[Records from a data collection]
---------------
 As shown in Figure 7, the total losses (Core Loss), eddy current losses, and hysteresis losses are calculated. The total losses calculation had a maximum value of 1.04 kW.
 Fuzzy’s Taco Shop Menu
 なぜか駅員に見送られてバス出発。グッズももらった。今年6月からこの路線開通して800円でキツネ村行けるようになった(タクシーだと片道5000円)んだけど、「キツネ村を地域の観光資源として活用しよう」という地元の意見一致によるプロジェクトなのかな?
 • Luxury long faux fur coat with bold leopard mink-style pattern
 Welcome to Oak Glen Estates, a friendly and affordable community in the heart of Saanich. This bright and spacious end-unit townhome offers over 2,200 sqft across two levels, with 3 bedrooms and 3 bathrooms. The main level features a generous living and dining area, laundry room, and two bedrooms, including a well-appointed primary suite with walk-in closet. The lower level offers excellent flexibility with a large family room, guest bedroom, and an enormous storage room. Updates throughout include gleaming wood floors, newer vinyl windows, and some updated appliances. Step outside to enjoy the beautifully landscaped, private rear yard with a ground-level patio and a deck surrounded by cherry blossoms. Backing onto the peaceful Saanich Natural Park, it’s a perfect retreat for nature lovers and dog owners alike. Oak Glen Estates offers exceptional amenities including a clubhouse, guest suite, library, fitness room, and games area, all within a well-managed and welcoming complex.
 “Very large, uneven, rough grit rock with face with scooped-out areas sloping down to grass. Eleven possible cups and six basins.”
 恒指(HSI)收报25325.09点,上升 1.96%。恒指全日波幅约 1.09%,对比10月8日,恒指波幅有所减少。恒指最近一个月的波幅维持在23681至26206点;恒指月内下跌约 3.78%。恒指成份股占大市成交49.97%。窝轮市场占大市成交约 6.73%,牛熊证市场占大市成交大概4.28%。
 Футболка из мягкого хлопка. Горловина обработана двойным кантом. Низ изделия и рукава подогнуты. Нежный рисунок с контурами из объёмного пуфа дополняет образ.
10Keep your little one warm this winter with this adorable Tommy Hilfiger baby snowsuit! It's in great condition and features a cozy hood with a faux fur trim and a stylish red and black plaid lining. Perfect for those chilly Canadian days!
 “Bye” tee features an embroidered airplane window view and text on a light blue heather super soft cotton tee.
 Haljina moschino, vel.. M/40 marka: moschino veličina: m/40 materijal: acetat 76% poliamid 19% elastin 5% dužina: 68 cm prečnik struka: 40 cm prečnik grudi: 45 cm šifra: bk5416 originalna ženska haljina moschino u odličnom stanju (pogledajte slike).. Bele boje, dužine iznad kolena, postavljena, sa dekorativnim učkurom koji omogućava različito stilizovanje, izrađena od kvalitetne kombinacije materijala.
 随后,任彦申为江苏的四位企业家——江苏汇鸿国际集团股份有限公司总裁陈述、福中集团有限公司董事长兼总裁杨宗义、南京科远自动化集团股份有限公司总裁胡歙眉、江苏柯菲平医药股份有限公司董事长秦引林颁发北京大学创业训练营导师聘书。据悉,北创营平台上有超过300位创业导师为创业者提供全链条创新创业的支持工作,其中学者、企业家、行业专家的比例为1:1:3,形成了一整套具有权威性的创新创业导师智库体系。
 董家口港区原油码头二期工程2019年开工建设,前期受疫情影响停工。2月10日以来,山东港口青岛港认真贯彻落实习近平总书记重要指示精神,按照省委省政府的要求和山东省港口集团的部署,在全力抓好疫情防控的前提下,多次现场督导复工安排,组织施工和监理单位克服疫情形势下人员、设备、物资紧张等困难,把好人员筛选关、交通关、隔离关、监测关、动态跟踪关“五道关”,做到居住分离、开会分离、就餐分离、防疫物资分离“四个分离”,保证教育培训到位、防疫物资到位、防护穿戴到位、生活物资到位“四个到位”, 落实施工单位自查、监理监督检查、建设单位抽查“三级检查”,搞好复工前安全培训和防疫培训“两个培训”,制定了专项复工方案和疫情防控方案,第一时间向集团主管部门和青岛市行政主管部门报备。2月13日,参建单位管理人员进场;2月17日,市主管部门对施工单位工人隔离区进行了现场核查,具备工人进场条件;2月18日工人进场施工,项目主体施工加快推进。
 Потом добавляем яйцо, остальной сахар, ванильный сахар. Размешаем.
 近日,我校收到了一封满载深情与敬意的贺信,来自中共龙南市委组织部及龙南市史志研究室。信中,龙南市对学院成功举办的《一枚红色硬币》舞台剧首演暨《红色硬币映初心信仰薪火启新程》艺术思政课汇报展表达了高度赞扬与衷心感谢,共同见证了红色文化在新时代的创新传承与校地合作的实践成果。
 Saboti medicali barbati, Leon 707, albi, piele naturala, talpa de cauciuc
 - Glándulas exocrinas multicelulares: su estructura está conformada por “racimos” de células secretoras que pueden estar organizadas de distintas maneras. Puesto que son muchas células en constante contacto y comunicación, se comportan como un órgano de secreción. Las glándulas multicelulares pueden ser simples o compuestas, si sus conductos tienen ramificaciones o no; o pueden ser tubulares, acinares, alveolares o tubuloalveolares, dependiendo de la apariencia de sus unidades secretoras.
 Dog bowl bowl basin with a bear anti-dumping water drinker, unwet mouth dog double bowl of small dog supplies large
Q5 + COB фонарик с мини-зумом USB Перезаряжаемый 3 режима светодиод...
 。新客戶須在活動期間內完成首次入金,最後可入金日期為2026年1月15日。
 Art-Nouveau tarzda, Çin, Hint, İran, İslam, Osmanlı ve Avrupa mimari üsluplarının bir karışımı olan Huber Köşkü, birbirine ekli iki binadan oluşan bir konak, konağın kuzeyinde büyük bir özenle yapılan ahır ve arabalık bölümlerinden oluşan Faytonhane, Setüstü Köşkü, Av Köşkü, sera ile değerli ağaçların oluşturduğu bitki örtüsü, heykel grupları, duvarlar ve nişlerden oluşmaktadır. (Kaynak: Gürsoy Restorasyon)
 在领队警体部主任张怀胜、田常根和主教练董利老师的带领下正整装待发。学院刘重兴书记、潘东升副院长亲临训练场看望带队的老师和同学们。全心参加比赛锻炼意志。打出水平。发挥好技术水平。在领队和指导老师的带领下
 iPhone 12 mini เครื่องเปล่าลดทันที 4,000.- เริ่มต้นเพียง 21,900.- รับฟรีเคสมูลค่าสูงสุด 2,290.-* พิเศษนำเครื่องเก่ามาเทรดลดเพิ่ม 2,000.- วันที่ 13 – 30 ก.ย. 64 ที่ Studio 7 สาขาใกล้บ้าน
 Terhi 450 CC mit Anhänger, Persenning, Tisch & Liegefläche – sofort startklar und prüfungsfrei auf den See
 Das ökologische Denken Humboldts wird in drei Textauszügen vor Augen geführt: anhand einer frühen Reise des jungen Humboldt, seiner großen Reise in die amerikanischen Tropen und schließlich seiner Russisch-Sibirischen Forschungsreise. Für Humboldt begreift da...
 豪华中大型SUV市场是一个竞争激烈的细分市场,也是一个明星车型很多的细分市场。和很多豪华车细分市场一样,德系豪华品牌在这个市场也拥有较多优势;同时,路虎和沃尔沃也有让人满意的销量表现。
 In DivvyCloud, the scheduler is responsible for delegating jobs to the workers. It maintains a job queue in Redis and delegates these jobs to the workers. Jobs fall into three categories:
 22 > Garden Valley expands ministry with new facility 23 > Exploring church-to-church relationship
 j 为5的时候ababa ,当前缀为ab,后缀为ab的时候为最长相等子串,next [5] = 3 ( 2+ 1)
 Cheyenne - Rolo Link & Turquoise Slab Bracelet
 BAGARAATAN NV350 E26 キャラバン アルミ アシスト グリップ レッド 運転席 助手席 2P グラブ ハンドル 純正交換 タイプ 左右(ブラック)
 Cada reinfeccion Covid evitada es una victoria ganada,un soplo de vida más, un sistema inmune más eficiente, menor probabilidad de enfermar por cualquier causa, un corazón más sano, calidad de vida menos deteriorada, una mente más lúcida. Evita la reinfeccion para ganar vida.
---------------
Return, word for word, every line from the top of the entries down to the line that holds "leopard mink-style pattern", both included.

 As shown in Figure 7, the total losses (Core Loss), eddy current losses, and hysteresis losses are calculated. The total losses calculation had a maximum value of 1.04 kW.
 Fuzzy’s Taco Shop Menu
 なぜか駅員に見送られてバス出発。グッズももらった。今年6月からこの路線開通して800円でキツネ村行けるようになった(タクシーだと片道5000円)んだけど、「キツネ村を地域の観光資源として活用しよう」という地元の意見一致によるプロジェクトなのかな?
 • Luxury long faux fur coat with bold leopard mink-style pattern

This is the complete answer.